• **Given records**
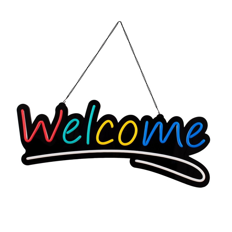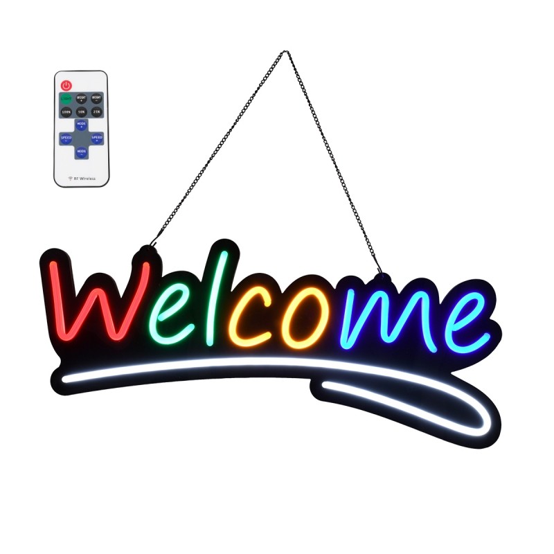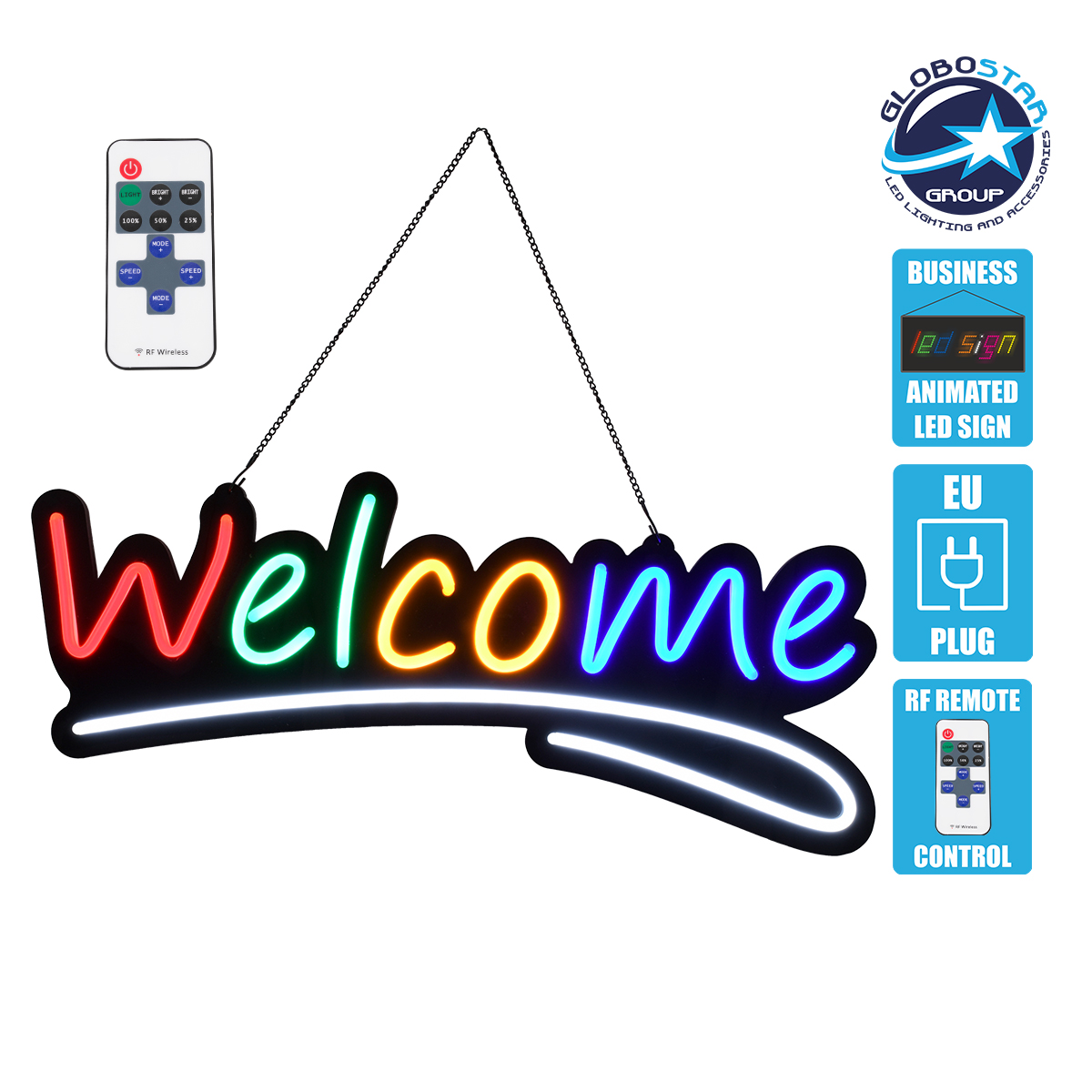 GloboStar® 85861 Φωτιστικό Ταμπέλα Φωτεινή Επιγραφή NEON LED Σήμανσης Animated WELCOME 30W AC 230V με Διακόπτη On/Off και Ασύρματο Χειριστήριο IR Κόκκινο – Πράσινο – Κίτρινο – Μπλε – Λευκό
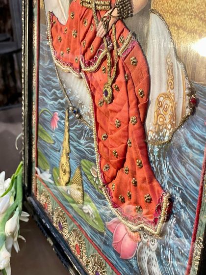 - I’m obsessed with Raja Ravi Varma oleographs, reworked on cloth and detailed with embroidery for a fresh, textured look.
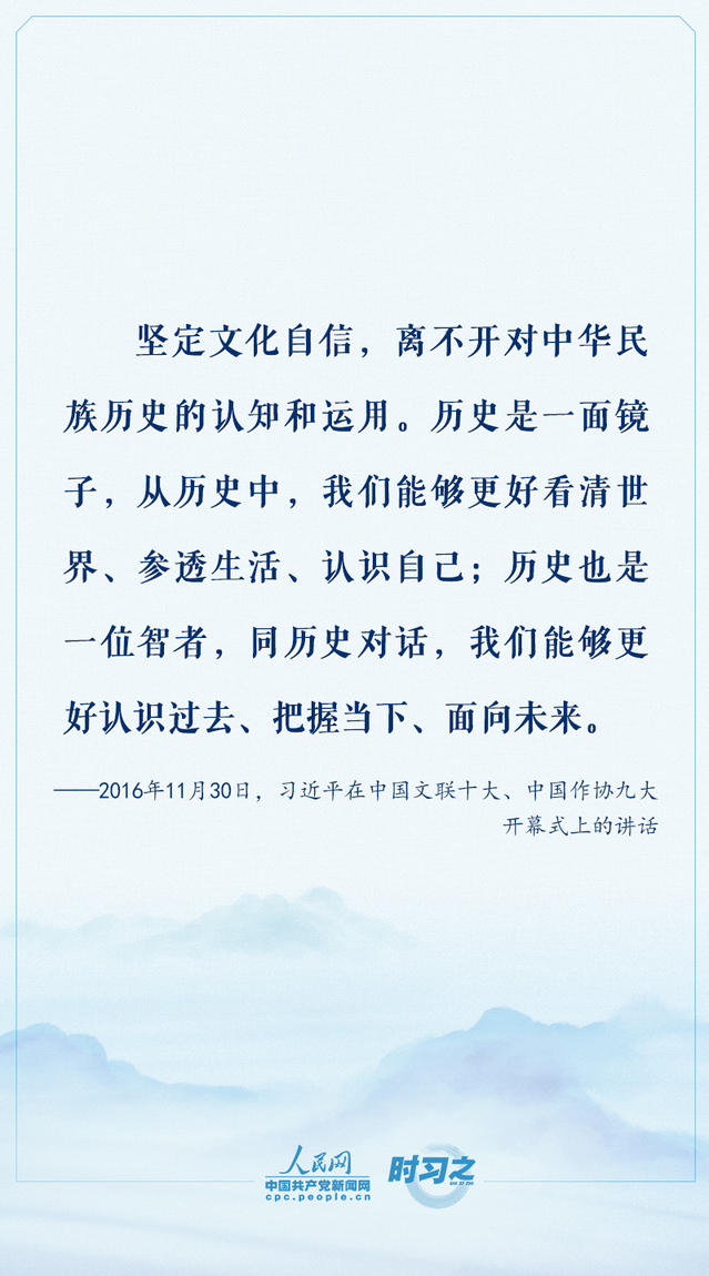 习近平总书记在主持中共中央政治局第三十九次集体学习时强调,“推动全党全社会增强历史自觉、坚定文化自信,坚定不移走中国特色社会主义道路,为全面建设社会主义现代化国家、实现中华民族伟大复兴而团结奋斗。”源浚者流长,根深者叶茂。习近平曾在多个场合反复强调增强历史自觉、坚定文化自信,为实现中华民族伟大复兴注入强大的精神动力。
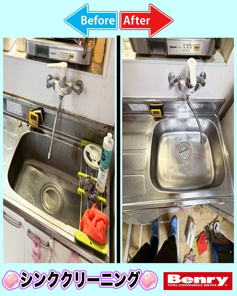 こんにちわ〜🙋♀️✨ 本日はキッチンシンククリーニングのご紹介です🤗❣️ピカピカに仕上がりました🧼🫧 ベンリーでは様々な案件を承っております🙋♀️🌈✨ お困りの際は是非ご相談くださいませ😇‼ #キッチンクリーニング #シンククリーニング #ハウスクリーニング #八千代市 #見積もり無料 pic.x.com/zbAmKQxO97
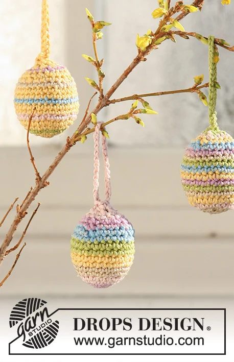 Hæklet DROPS påskeæg og Hæklet DROPS påskekurv i Muskat og Glitter.
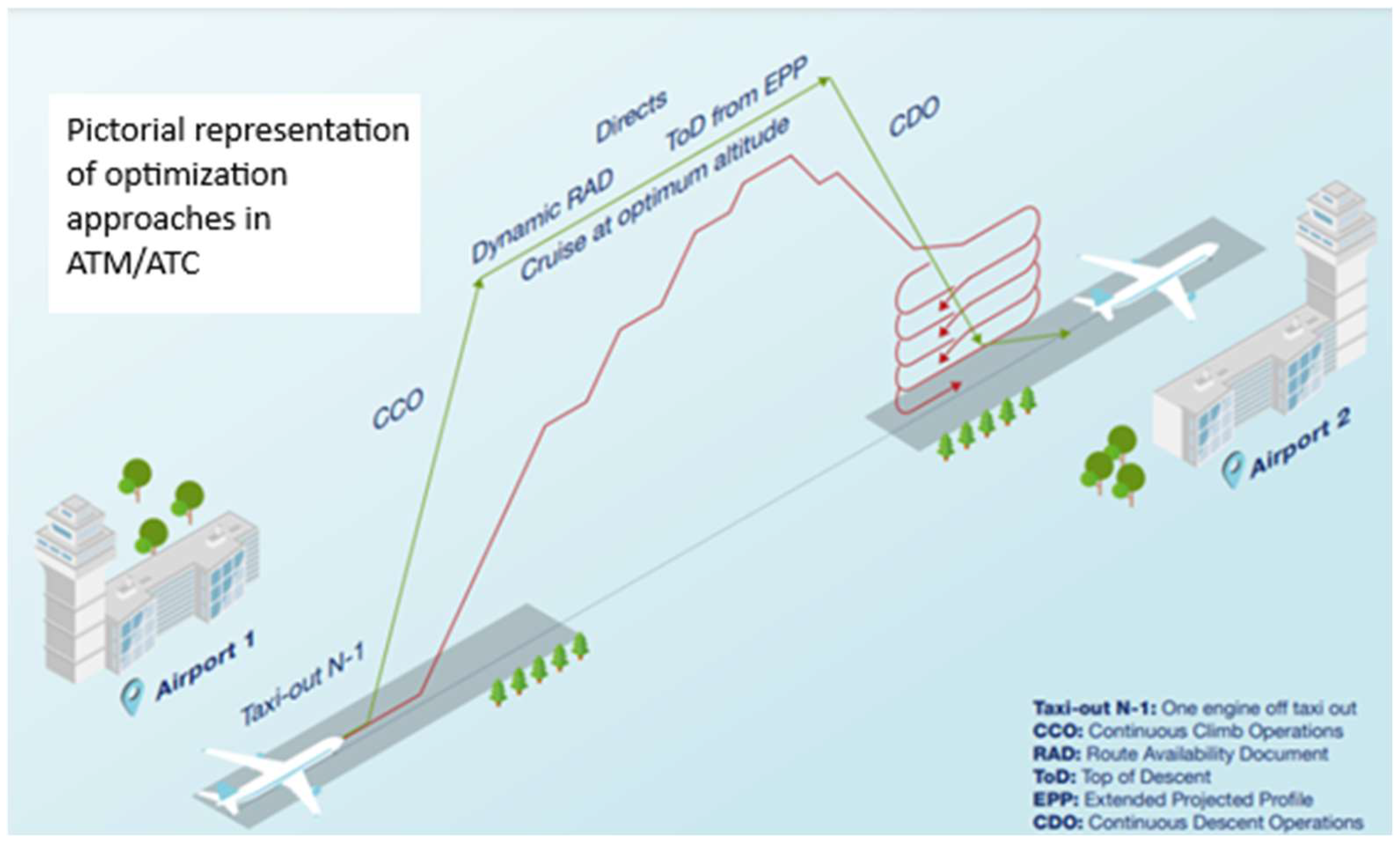 | CCO | Tactical Pre-tactical | Altitude Speed | RF eqCO2 | Departure optimization |
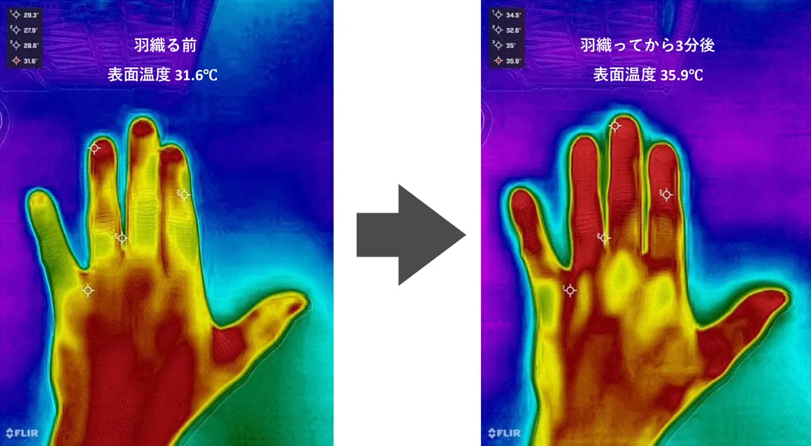 機能面では、「無齢」が放射する遠赤外線が身体に穏やかに作用し、血液循環を促すことで、手足の冷えや違和感への配慮、夜間の生活リズムの安定をサポートすることが期待されている。継続的な着用を通じて、日々のコンディション管理や睡眠環境の質向上に寄与し、生活全体のクオリティ向上につながる。
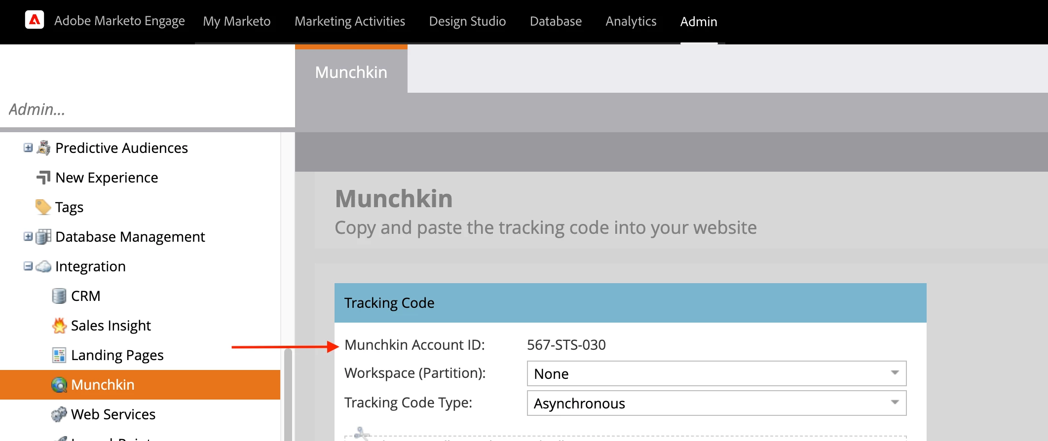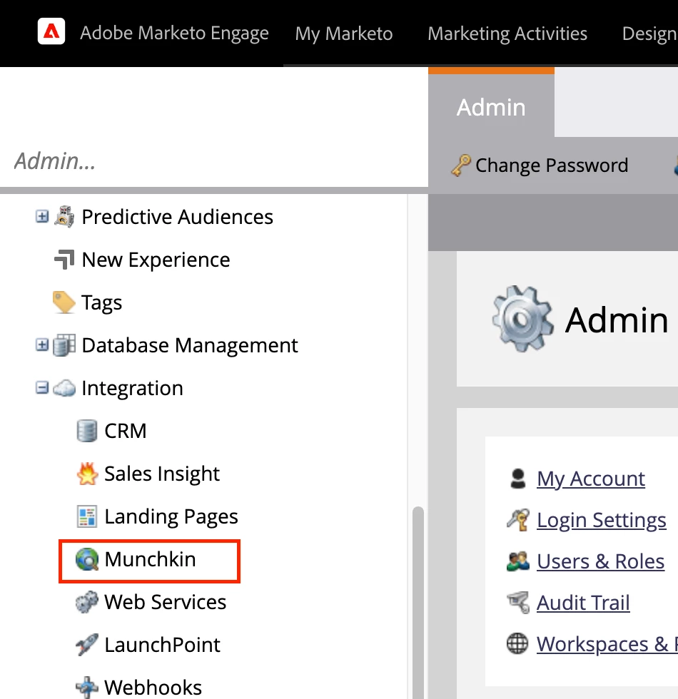 2. Go to Admin and click Munchkin in the tree on the left in the Integration section.

• **Exercise instructions**
All lines from the one containing "Departure optimization |" through the final line of the records are to be retyped exactly; no other lines and no pictures are to be included.

• **Written answer**
 | CCO | Tactical Pre-tactical | Altitude Speed | RF eqCO2 | Departure optimization |
 機能面では、「無齢」が放射する遠赤外線が身体に穏やかに作用し、血液循環を促すことで、手足の冷えや違和感への配慮、夜間の生活リズムの安定をサポートすることが期待されている。継続的な着用を通じて、日々のコンディション管理や睡眠環境の質向上に寄与し、生活全体のクオリティ向上につながる。
 2. Go to Admin and click Munchkin in the tree on the left in the Integration section.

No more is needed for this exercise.